Thursday, May 17, 2018

Top GOP Donors Close Wallets Over Tax Law

CNN, Top GOP Donors Close Wallets Over Tax Law:

As national Republicans scramble their resources for a high-stakes midterm election year, some of the party's biggest and most reliable donors have quietly withheld their support for Senate and House Republican groups out of frustration with the new tax law, CNN has learned.

The standoff has a tinge of irony because the tax changes are a centerpiece of the GOP's case to voters in the midterm elections. Meanwhile, Democrats have accused Republicans of catering to the wealthiest Americans with the law: In a news conference earlier this year, House Minority Leader Nancy Pelosi warned that the Republican tax plan is "padding the pockets of GOP donors, executives, and big corporations at the expense of everyone else."

But some of the Republican Party's powerhouse donors in fact feel deeply stung by the law and have made their displeasure known to party leaders by keeping their wallets shut, according to multiple sources familiar with the situation, who spoke with CNN on condition of anonymity. Although some of the donors have not sworn off contributions to individual campaigns or even the Republican National Committee, all have so far withheld contributions to the House and Senate Republican campaign arms -- which are key players in the 2018 midterm elections -- as a way to send a message over the law.
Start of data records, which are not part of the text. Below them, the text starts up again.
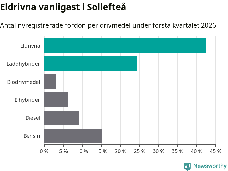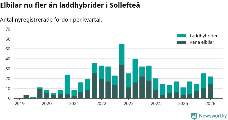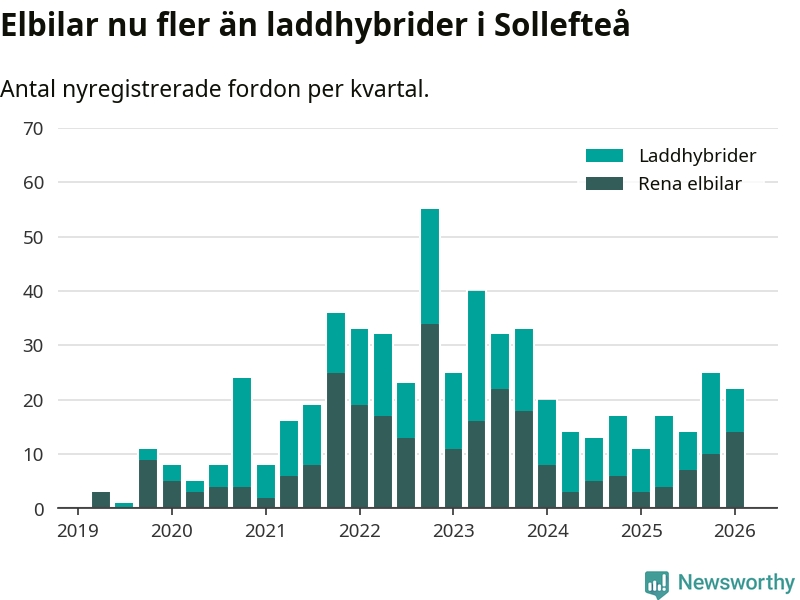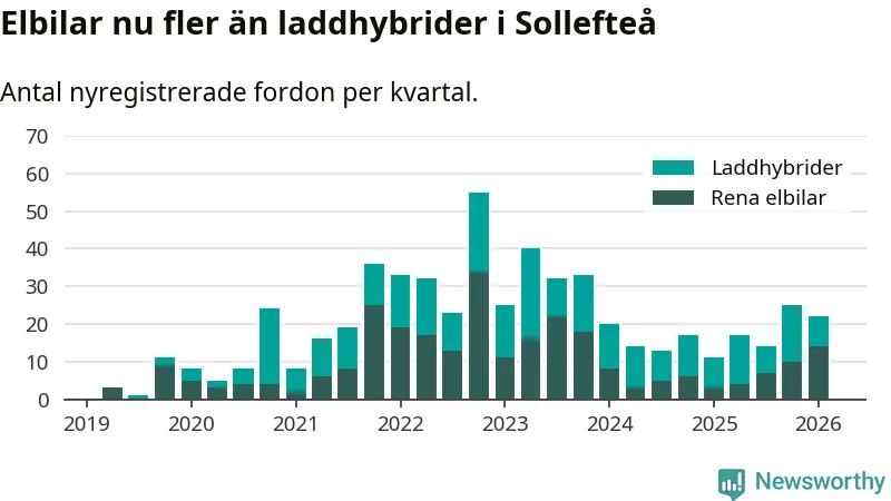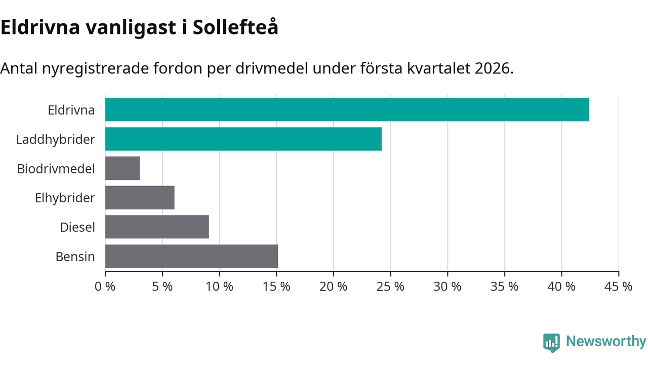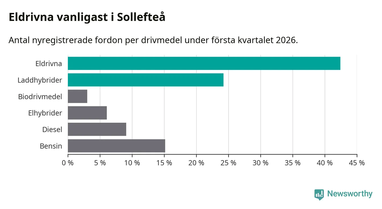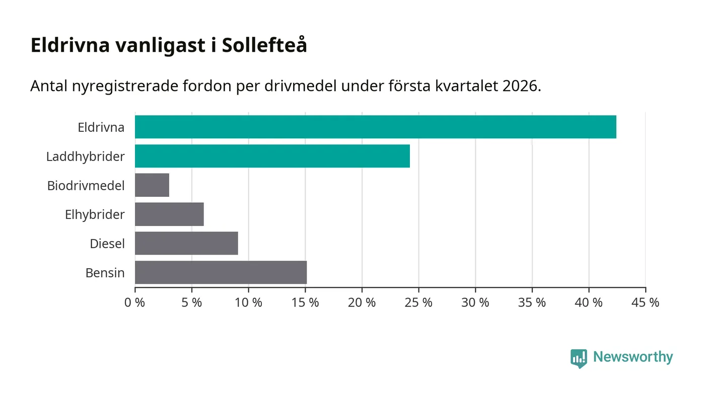 Under första kvartalet 2026 var 67 procent av alla nyregistrerade personbilar i Sollefteå laddbara (sammanlagt registrerades 33 nya bilar). Merparten av de laddbara bilarna var rena elbilar (42 procent av alla).
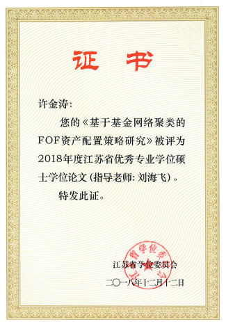 据江苏省学位委员会、江苏省教育厅公布的“2018年江苏省优秀博士硕士学位论文”评选结果,biwn必赢14级硕士生许金涛同学的毕业论文《基于基金网络聚类的FOF资产配置策略研究》被评为2018年度江苏省优秀专业学位硕士学位论文。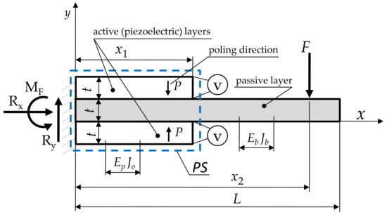 It allows the transducer to be treated as a homogeneous single-layer beam with a locally located three-layer PS that contains two components: piezoelectric (active) and nonpiezoelectric (passive). In the transducer (Figure 4), the left side is fixed, while the right side can move freely. The operating load comes from an external force F (generated by the gas-intake manifold pressure difference, occurring only in the closed state) and an electric moment Me caused by an applied voltage V. Based on the equilibrium conditions of forces and moments, the values of the reactions in the fixed support were determined; they are .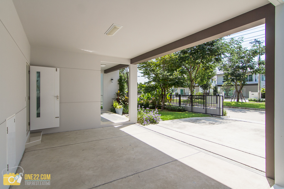 ด้านหน้าบ้านกว้าง และอย่างที่ข้อมูลแจ้งไว้ จอดรถได้ 2 คันสบายๆเลยครับ และมีประตู Connecting เปิดเข้าบ้านจากตรงที่จอดได้เลย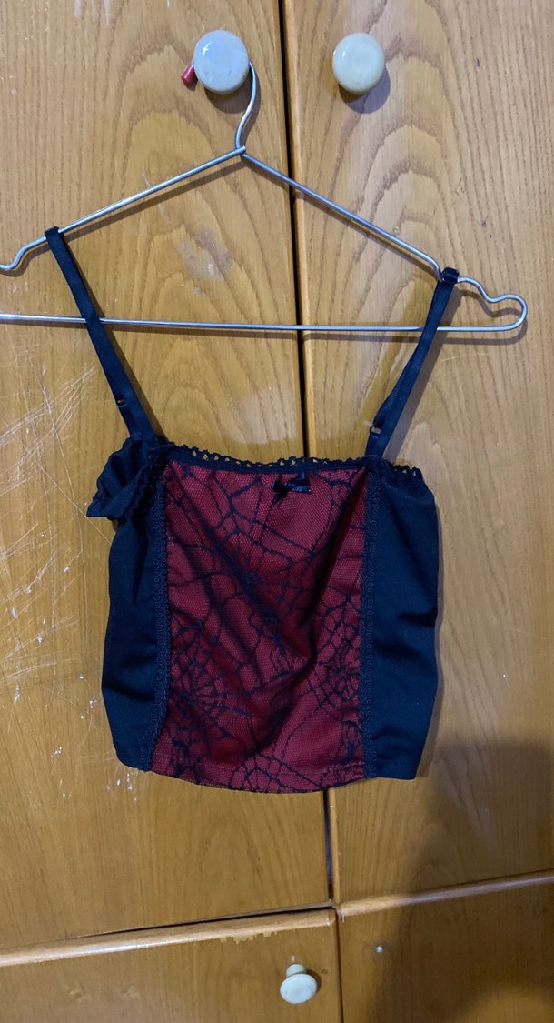 Bordo renkli, dantel detaylı, ince askılı straplez gotik tarza sahip, normal midi boyda, vücuda oturan tekstil kumaştan büstiyerdir.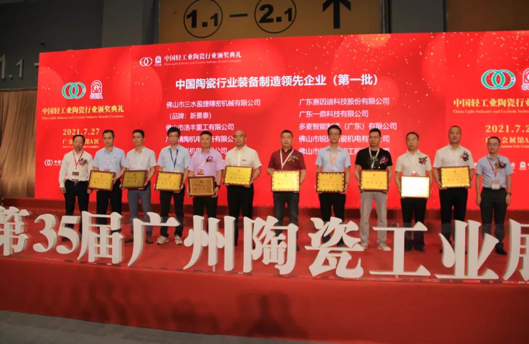 2021年7月27日上午,由中國陶瓷工業(yè)協(xié)會主辦、廣東新之聯(lián)展覽公司承辦的2021中國國際陶瓷工業(yè)技術與產品展覽會(簡稱“2021廣州陶瓷工業(yè)展”),在廣州琶洲·廣交會展館A區(qū)正式開幕。中國建材咸陽陶瓷研究設計院有限公司應邀參加開幕典禮,并榮獲陶瓷行業(yè)裝備制造領先企業(yè)獎。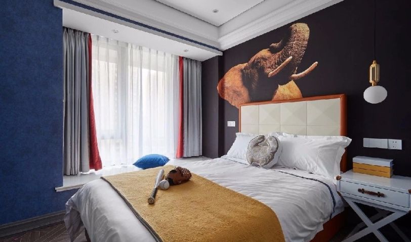 臥室床頭背景用黑色的布畫,整個色調也顯得很穩重。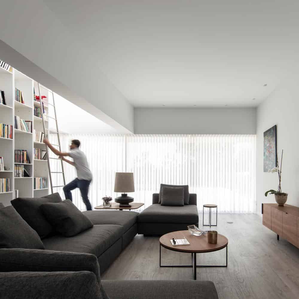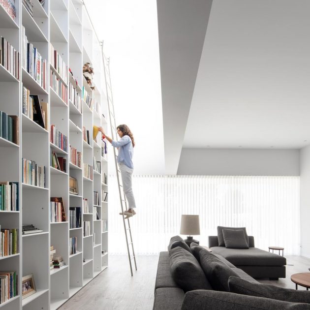 A house for books. This challenge started with a premise from the client: space for many books. Immediately, our imaginary guided us to the many classical renaissance libraries, with sliding stairs that reach the book mountain. That was the motto of the intervention: a high space capable of generate the composition and hierarchize interior spaces.

The donors who have boycotted, all of whom are leaders of prominent hedge funds, include Paul Singer, of Elliott Management; Citadel's Ken Griffin; Warren Stephens of Stephens Inc.; Cliff Asness of AQR; Bruce Kovner, formerly of Caxton; and Third Point's Daniel Loeb. Combined, their donations accounted for more than $50 million to Republican groups during the 2016 election cycle; Singer ranked among the top 10 donors of either party, while Griffin and Stephens ranked in the top 20.

Collectively, they have bristled at what they view as favored treatment for corporations under the law. While the corporate tax rate was slashed from 35% to 21%, hedge funds are largely taxed at the top individual rate, which ticked down from 39.6% to 37%.

Now, these donors are venting their frustration at congressional Republicans who drafted the legislation. The rift has come at a heavy price: Since the new tax rules were approved late last year, these donors' usually generous support for House and Senate Republican groups has noticeably dried up.

Tax, Tax Policy in the Trump Administration | Permalink


Most surveys show the GOP raising more than the Democrats.

Posted by: Mike Livingston | May 19, 2018 3:25:08 AM

". . . hedge funds are largely taxed at the top individual rate"

Really? Since when?
Hedge funds and/or private equity managers remain the beneficiaries of the "carried interest" exception to the taxation of manager fees at ordinary income rates. The new tax law made virtually no dent in this absurd situation.

They may be disappointed in the legislation but I hardly think this is the reason.